Ben Love [00:37:36]:
Actually, I’m not sure. We’ll have to see whether we can actually understand your question here. One of the difficulties this is, to quote Stuart, one of the difficulties with enter is, is face recognition and pin capabilities. We are experiencing users forgetting their password when logging into non Microsoft SSO linked products like Alaya care. Now, I think I understand that. I wonder if we can take Stuart off mute just for a minute to see if he can just explain that to us because this is a really interesting one that I think is probably worth understanding because. Sorry, Stuart, bear with me. I’m just going through the thing here.

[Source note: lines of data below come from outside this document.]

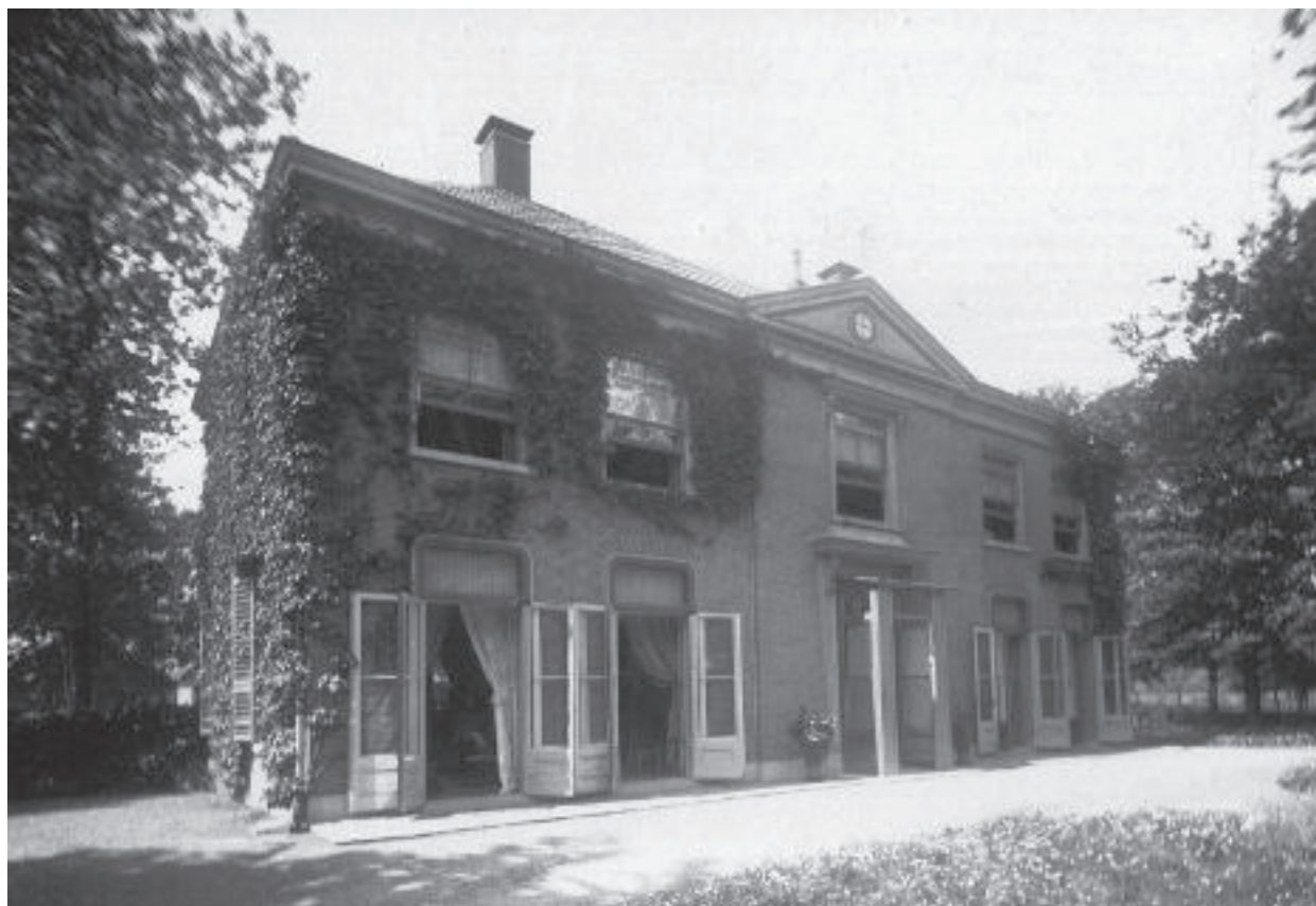
Huize Cattenbroeck (eerste helft 20 e eeuw).
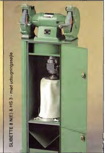
SLIBETTE 8 N(E) & HS 3 - med udsugningssøjle
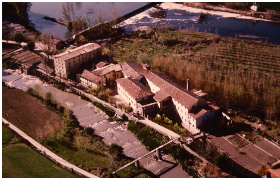
Vista aèria de finals del segle XX de la fàbrica vella de Malars situada en una devesa entre el riu Gurri, en primer terme, i el Ter, al fons. Als anys seixanta es va construir una nova fàbrica, allunyada del riu per evitar els estralls derivats de les contínues revingudes.

mogudes per l'aigua del riu, 6 Pascual Madoz, en el seu viatge per terres d'Osona (entre 1845 i 1850), ens dona una visió d'aquest establiment fabril diametralment oposada. El descriu com un conjunt integrat per dos edificis espaiosos amb algunes cases al seu entorn, amb dos jocs de batans, sis màquines de cardar cotó i d'altres de complementàries, vint màquines de filar cotó amb 240 pues cadascuna, modernes, amb els corresponents rellotges reguladors que modificaven el moviment de les màquines i aconseguen productes de gran qualitat, capaços de plantar

Cameron Fairfull [00:38:22]:
Stuart, I’ve allowed your microphone. You should be able to unmute yourself now.

Speaker C [00:38:30]:
Unmuted. Look out. Unmuted.

Ben Love [00:38:32]:
There we go. Welcome, Stuart. Now, Stuart, we didn’t talk a lot about SSO or single sign in during the webinar, but just for everybody else in the audience, essentially that’s when a non Microsoft app can be configured to look at your username and passwords in enterid as its identification. So there is a single username and password for a user held in enter id. And that can authenticate not only people to your Microsoft apps, but to third party apps as well. Stuart, can you please explain your situation and we’ll see if Cameron’s got some comments.

Speaker C [00:39:06]:
Absolutely. So Alacare is a third party product, Microsoft product housed in downtown AWS Sydney. But we’ve been able to employ Microsoft same sign on into Alaya care for ease of use. That was in the days when we had an on site domain on our server. Ever since we worked with you folks to shut down all of our on site site products and move fully into entra, we get the occasional staff member who, when they click on the icon for layer care, the shortcut, rather fire it up. And we’ve still got it in that no trusted network mode. So every time you log in, it’s going to be asking you the credentials. People sometimes can’t remember their password so they’ve got their username.

Speaker C [00:40:12]:
That’s, that’s easy. That’s their email address because they log on to their laptop maybe using facial recognition or the Pin which is available through entra SSO doesn’t always let you ask about that. It wants to know your username, wants to know your password and then our multi factor authentication.

Ben Love [00:40:40]:
Interesting scenario.

Speaker C [00:40:41]:
There may be a way of forcing it, I don’t know, but that’s what we’re experiencing.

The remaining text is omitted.